LOL, yeah. Those tapes are a better tool for just gauging and tracking weight gain/loss as opposed to getting an accurate true weight. When I first got him back, he taped at 850...and he was OBESE. I can hardly believe the difference when I look at his pictures from just a few months ago.


Then:










And recently


----------



## GracielaGata (Jan 14, 2012)

You want chunky- you saw that pony I posted right?! He is one of the chunkiest little things I have ever met. I think that is partly what makes him so oddly shaped- super thick crest area, no great topline and chunky butt.  

So you used to own Spud, sold/gave him away, then got him back? 

He is so cute!  My husband even said he wouldn't care about riding something so short with how he is built and what he can do.


----------



## smrobs (Jul 30, 2008)

His owners sent him to me to start when he was 3 and fell completely in love with him. They were very well meaning but naïve people who thought he would be a great match for their young daughter just because he was a pony. When I sent him home, I said that I thought she would get along with him IF she started in frequent lessons on him. Unfortunately, they took him home and turned him out and I don't even think they saddled him a half dozen times in the following 4 years.
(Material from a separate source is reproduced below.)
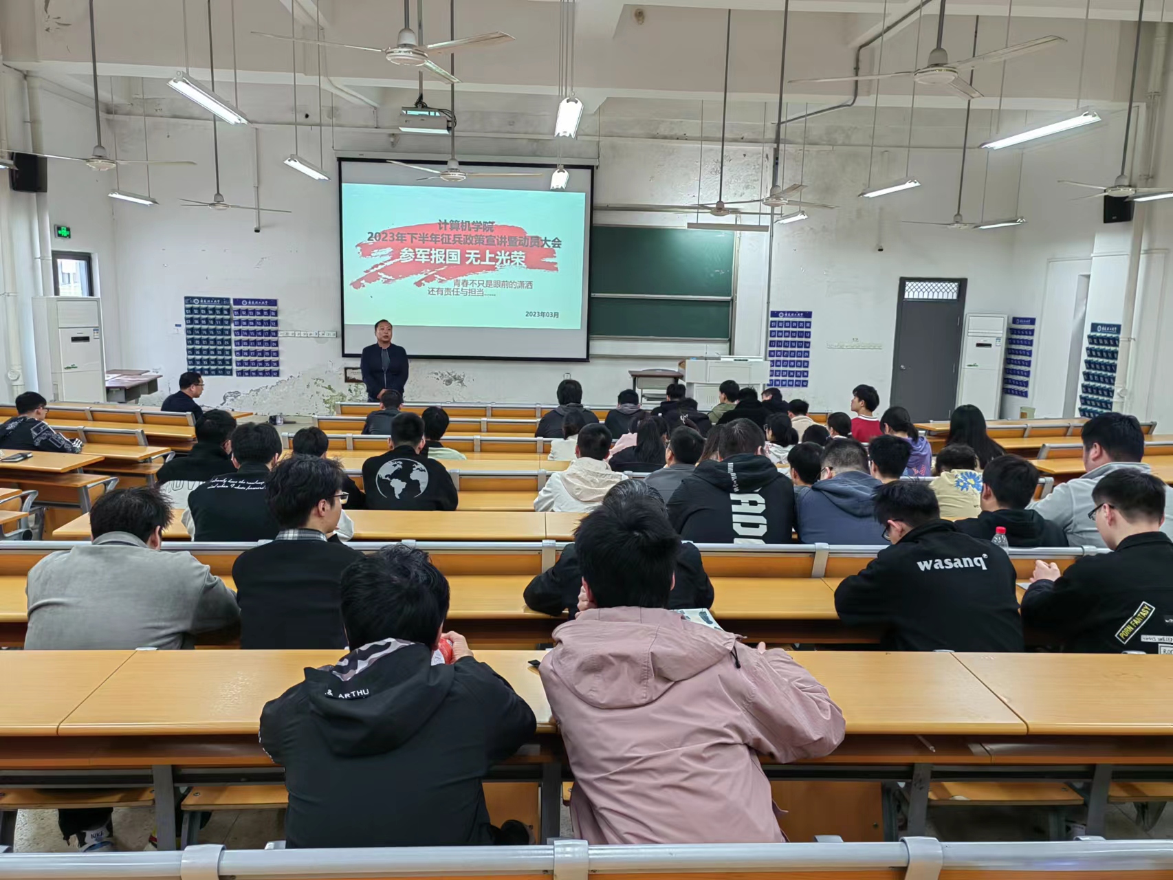 为教育学生响应国家号召,鼓励更多大学生投身军营,3月28日下午,计算机学院在天工105教室召开2023年下半年征兵政策宣讲暨动员大会。学院党委副书记刘中廷、学院征兵联系人、毕业班辅导员和学生以及低年级有入伍意向的学生参加大会,动员会特别邀请校征兵工作站老师进行征兵政策解读。

My brother is their farrier and he told me immediately when they mentioned to him that they were looking to sell all their horses. I made an offer and he came home. He's probably sad that he's no longer getting grain daily and is having to work, but at least he'll be sound here.


----------



## GracielaGata (Jan 14, 2012)

Eeks! Yes, definitely a candidate for no grain! In reality so many 'pet' riding horses don't truly need it. Ours get a tiny bit of wetted alfalfa pellets a few days in winter, but other than that, grass hay only.


----------



## smrobs (Jul 30, 2008)

Haha, I never imagined when I got him that I would work him hard enough to have to supplement his diet to keep his ribs from showing, but I do. This summer, he is being worked pretty hard (and it's been HOT) and the hay just isn't enough so he gets about 20 pounds of alfalfa pellets and 2 cups of oil a day in addition to the hay.


----------



## GracielaGata (Jan 14, 2012)

Oh my gosh!!!!! That is crazy!! But awesome for him, because it means he gets to be a horse and get used!!!! 

I am trying to find a place to go 'play' with some cows locally, as I think my mare would really enjoy the job. She is still far from needing a supplemental energy source... but...


----------



## smrobs (Jul 30, 2008)

Well, if you ever have the opportunity to get away for a while in the summer, come on down to TX and bring your mare. We normally have 500+ head of yearlings to take care of


----------



## GracielaGata (Jan 14, 2012)

I KNOW!!! You've already offered it!!!! 
If I could get away, I would so take you up on that!! It is so cool that you offer it.  And thank you.


----------